# Jack Straw and a Wharf Rat



## Herf N Turf (Dec 31, 2008)

While this Jack Straw isn't from Wichita and didn't cut his buddy down, and this Wharf Rat isn't blind, dirty, or asking for dimes... These two Deadheads did hook up for a two-up herf at a local, Richmond, VA Cantina. Great enchiladas verde and carne asada were consumed, immediately followed by what most would consider a couple of GREAT stogies.

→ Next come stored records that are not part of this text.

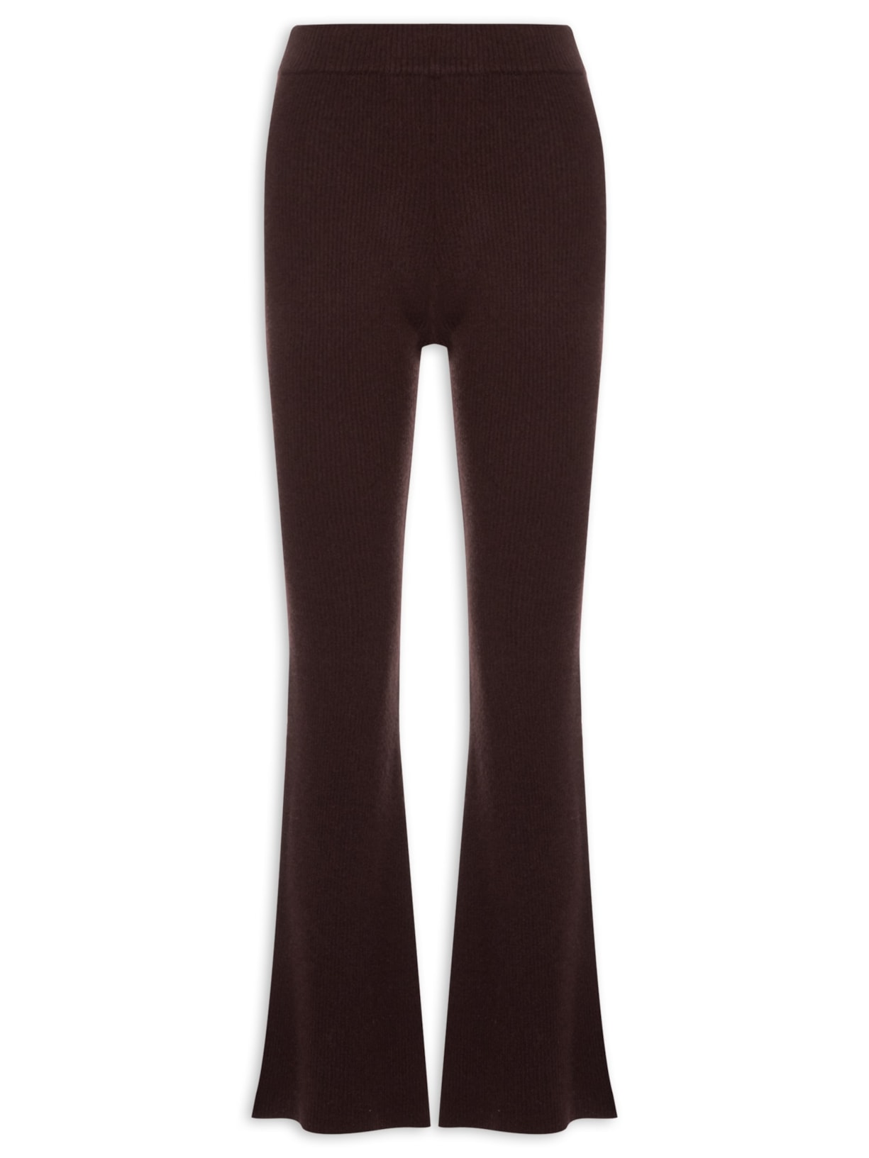 A calça marrom é confeccionado em lã com toque de cashmere e alta elasticidade. A peça justa ao corpo possui cós com elástico embutido, cintura alta, fendas laterais e comprimento longo.
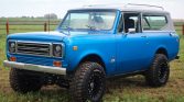 This 1978 International Harvester Scout is finished in metallic blue with a gray top over black vinyl and is powered by a replacement fuel-injected 5.3-liter LM7 V8 paired with a four-speed automatic transmission and a two-speed transfer case. Equipment includes a 4″ suspension lift, beadlock-style wheels, Mickey Thompson tires, LED lighting, an aftermarket rear bumper, air conditioning, power windows and locks, and a digital instrument cluster as well as an aluminum radiator, cooling fans, stainless steel headers,…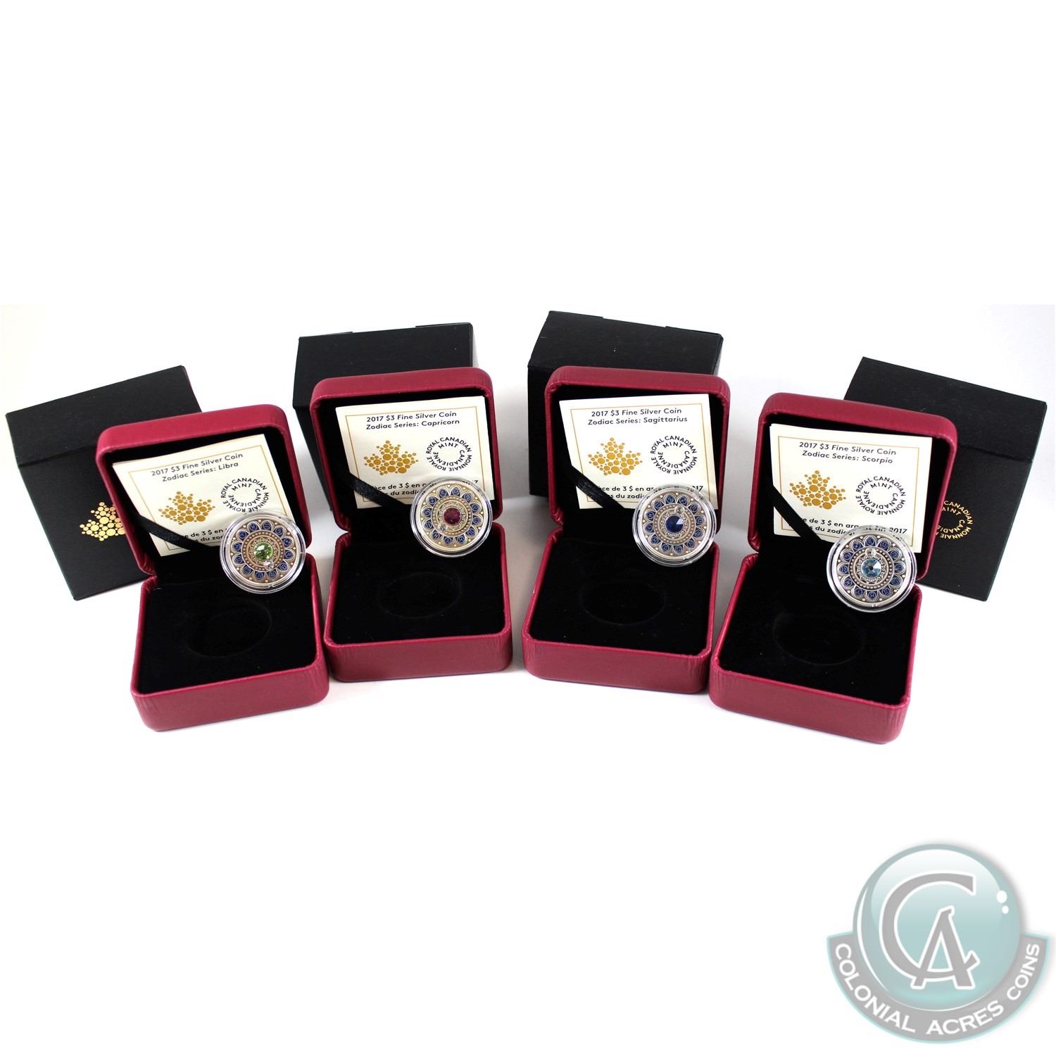 2017 Canada $3 Fine Silver Zodiac Series coins (Tax Exempt). You will receive Capricorn, Libra, Scorpio & Sagittarius. Some coins are lightly toned and packaging contain minor imperfections. 4pcs

Damning photographic evidence of a good time:









The esteemed Mr. Straw









Yours truly, left, with Mr. Straw, the perpetrators.









The victims









Their demise


----------



## dj1340 (Mar 30, 2009)

Looks like you 2 had a great time. Nice pics


----------



## LincolnSmokes (Nov 5, 2009)

Looks like a great time was had by both of you, two excellent smokes as well.


----------



## Scott W. (Jul 10, 2008)

Nice Don, looks like quite a time. Is that the place you went to with Andy and Gene?


----------



## commonsenseman (Apr 18, 2008)

Looks like fun guys :thumb:


----------



## fuente~fuente (May 11, 2009)

Well it's obvious that you guys had a great time... Don looks hammered.:lol:

The 3rd pic down is the only case that it's OK for two men's sticks to touch each other.:mischief:

I keed... I keed...


----------



## cigar loco (Jan 21, 2010)

Deadhead,  Well kiss my grits ! :faint:

Bing Video: Grateful Dead - 'Truckin'


----------



## Jack Straw (Nov 20, 2008)

Nice shots Don! Had a great time indeed.



fuente~fuente said:


> Well it's obvious that you guys had a great time... Don looks hammered.:lol:


LOL but I was the only one drinking beer!


----------



## Rubix^3 (Nov 10, 2008)

Looks like an awesome time! And you found a place to eat and smoke, what a novelty!


----------



## Cigary (Oct 19, 2007)

What a Trifecta,,,Opus, Cohiba and Mexican Food! Great meet up with some great BOTL right there.


----------



## Herf N Turf (Dec 31, 2008)

scottw said:


> Nice Don, looks like quite a time. Is that the place you went to with Andy and Gene?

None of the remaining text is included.